Les titres contenant le mot "nuages" sont assez courants chez Naruse. Deux films majeurs au moins, Nuages flottants (1955) et Nuages d'été (1958) le premier film en couleurs et Scope du metteur en scène, sont considérés à juste titre comme des classiques de l'oeuvre. Le mot est évidemment bien choisi, quand on pense à la notion de parcours sans avenir des personnages qui sont représentés dans ces films. Nuages épars ne fait pas exception à la règle: le dernier long métrage de Naruse est une fois de plus un mélodrame d'un grand pessimisme, dont les drames intimes renvoient souvent à une proximité avec les films de Douglas Sirk...

Yumiko (Yoko Tsukasa) et son mari ont tout pour être heureux: elle est enceinte, et lui travaille pour un ministère qui projette de l'envoyer travailler aux Etats-Unis. C'est pratiquement fait... Sauf qu'un soir on apprend le décès de l'époux, renversé par une voiture conduite par un homme ivre. Celui-ci (Yuzo Kayama), poussé par ses patrons à montrer le Tokyo by night à des clients de passage, culpabilise, et tente de prendre contact avec Yumiko. Au gré de leurs deux vies brisées, ils vont se rencontrer: elle pour essayer de tirer un trait sur son passé, lui pour offrir son aide et sa compassion afin de pouvoir continuer à aller de l'avant... Les sentiments, bien sûr, vont se mêler de la partie.

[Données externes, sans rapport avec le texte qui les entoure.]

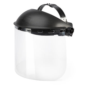 Add a face shield to your personal protection arsenal for grinding, polishing, deburring and other operations. This shield features a clear impact resistant shield that wraps around he entire face.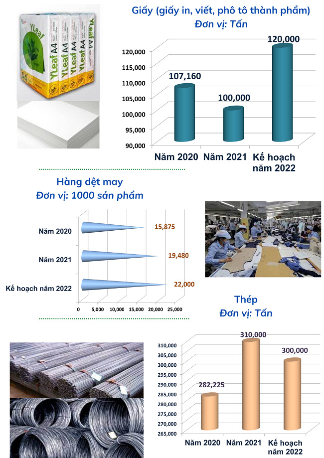 Năm 2021 trong phát triển sản xuất một số sản phẩm công nghiệp chủ yếu của tỉnh đã đạt được kết quả và kế hoạch thực hiện năm 2022 cụ thể: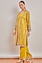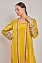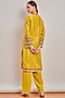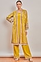 Featuring a mustard kurta in silk crepe base with zari, resham and sequin hand embroidery. It is paired with a matching jacket and straight cut pants.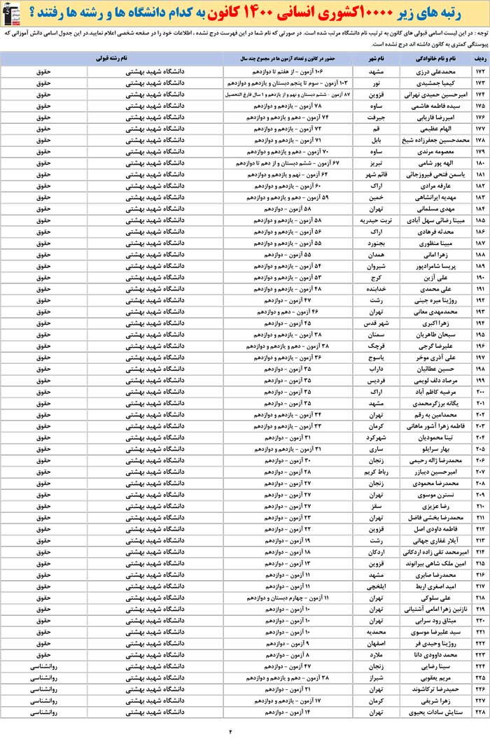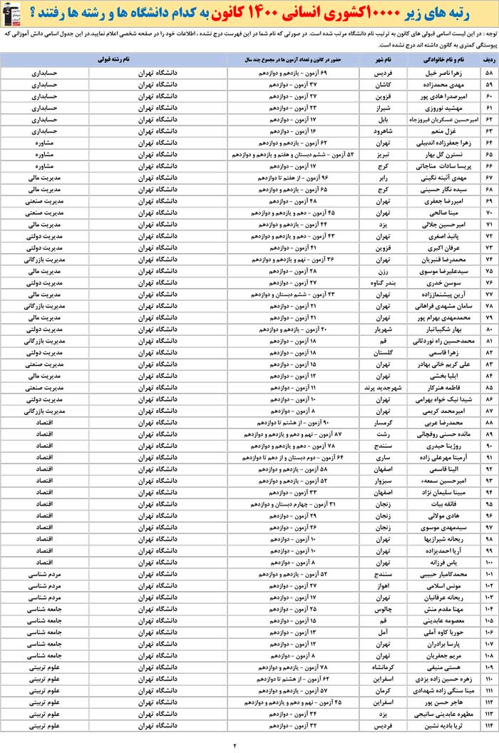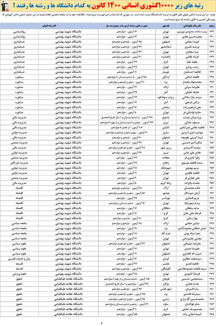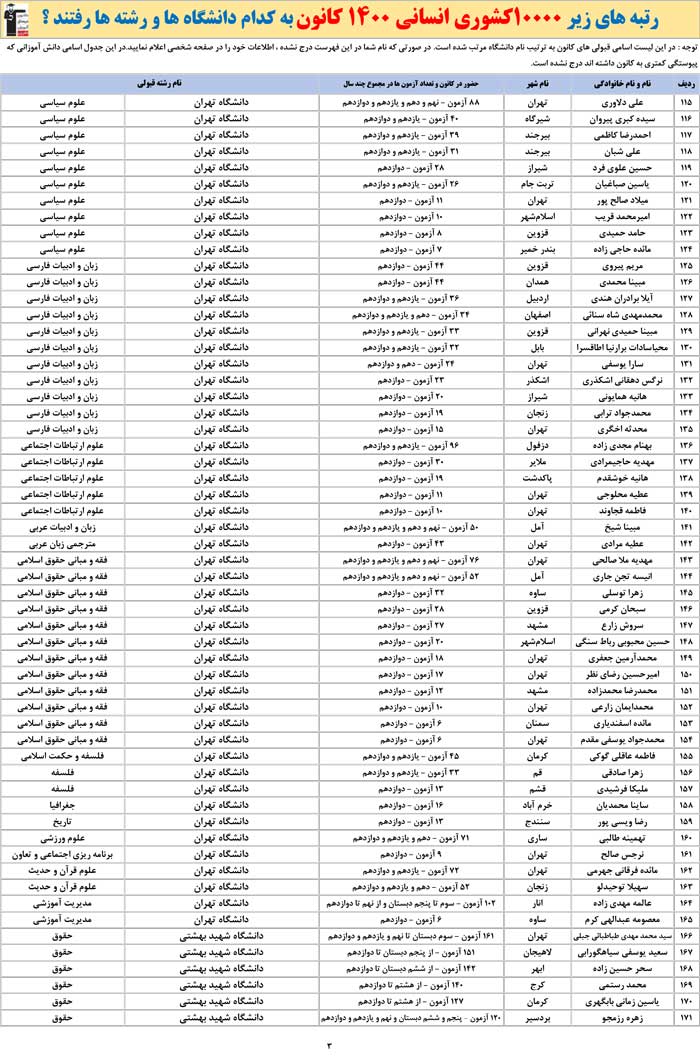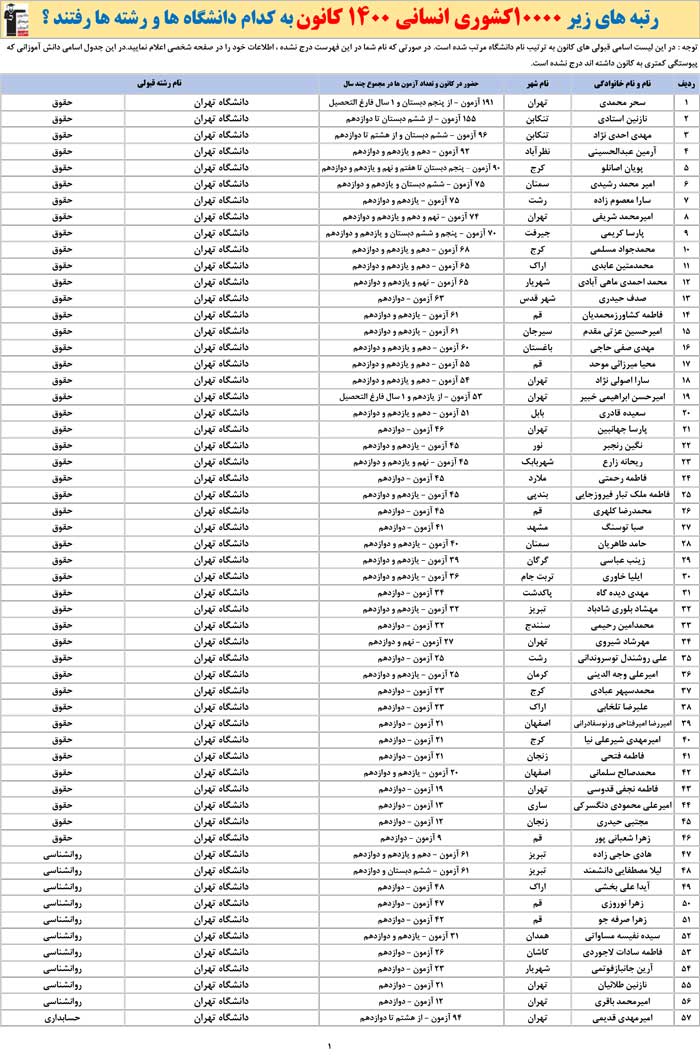 برترهای انسانی 1400 کانون به کدام رشته ها و دانشگاه ها رفتند ؟

Pour son dernier film, le metteur en scène a du accepter de composer et de concéder, ce qui s'explique aisément: en 1967, le cinéma ne se porte pas très bien au pays du soleil levant, à plus forte raison dans le cadre vieillot des studios, qui ne peuvent concurrencer ni l'attrait des films de la "Nouvelle vague" indépendante, ni la présence de la télévision; le Scope, les couleurs (très douces), mais aussi la présence de vedettes très en vue (non seulement le chanteur Yuzo Kayama, mais aussi la jeune Mie Hama, connue pour sa participation à un James Bond), tout cela prouve de quelle façon Naruse tente de rendre son film attractif au grand public. Au final, il n'en reste pas moins une nouvelle preuve du pessimisme incorrigible du cinéaste, et de son talent pour filmer à la fois les sentiments dans tout ce qu'ils ont d'absolu, et le désespoir de la condition humaine... Surtout, bien sûr, quand on est une femme. Yumiko est un formidable personnage qui rejoint les héroïnes les plus intéressantes, celle de L'histoire d'une femme, de Quand une femme monte l'escalier, de Nuages flottants aussi: des femmes prises entre leur dignité, et leur désir. Eprises de l'une, mais inexorablement poussées vers l'autre... En dépit de ses longueurs, ce beau film est une étape importante dans la carrière du cinéaste.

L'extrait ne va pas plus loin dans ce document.